- [Exercise prompt] Given the records below, the lines starting at the line with "Ce design de" and ending at the line with "This design features" should be output exactly, both end lines kept and pictures left out.

- [Provided data]
==============================
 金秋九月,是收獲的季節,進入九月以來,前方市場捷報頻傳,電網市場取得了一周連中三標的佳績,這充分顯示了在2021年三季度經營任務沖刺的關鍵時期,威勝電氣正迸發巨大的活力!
==============================
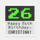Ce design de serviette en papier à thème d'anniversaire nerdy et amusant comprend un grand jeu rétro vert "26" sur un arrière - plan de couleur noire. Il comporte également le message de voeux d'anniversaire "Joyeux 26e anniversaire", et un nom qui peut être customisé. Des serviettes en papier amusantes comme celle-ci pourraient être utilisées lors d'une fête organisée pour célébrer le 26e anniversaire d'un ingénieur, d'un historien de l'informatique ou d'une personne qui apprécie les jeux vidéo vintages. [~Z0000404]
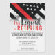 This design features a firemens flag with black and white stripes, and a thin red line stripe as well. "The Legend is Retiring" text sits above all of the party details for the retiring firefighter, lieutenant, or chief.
==============================
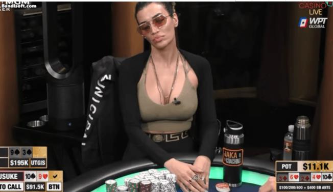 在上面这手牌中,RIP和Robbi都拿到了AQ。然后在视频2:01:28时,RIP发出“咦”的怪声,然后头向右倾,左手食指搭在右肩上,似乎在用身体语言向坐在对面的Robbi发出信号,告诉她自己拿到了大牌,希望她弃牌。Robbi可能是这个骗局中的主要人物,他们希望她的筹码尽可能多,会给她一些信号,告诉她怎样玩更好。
==============================
- [Your response]
Ce design de serviette en papier à thème d'anniversaire nerdy et amusant comprend un grand jeu rétro vert "26" sur un arrière - plan de couleur noire. Il comporte également le message de voeux d'anniversaire "Joyeux 26e anniversaire", et un nom qui peut être customisé. Des serviettes en papier amusantes comme celle-ci pourraient être utilisées lors d'une fête organisée pour célébrer le 26e anniversaire d'un ingénieur, d'un historien de l'informatique ou d'une personne qui apprécie les jeux vidéo vintages. [~Z0000404]
 This design features a firemens flag with black and white stripes, and a thin red line stripe as well. "The Legend is Retiring" text sits above all of the party details for the retiring firefighter, lieutenant, or chief.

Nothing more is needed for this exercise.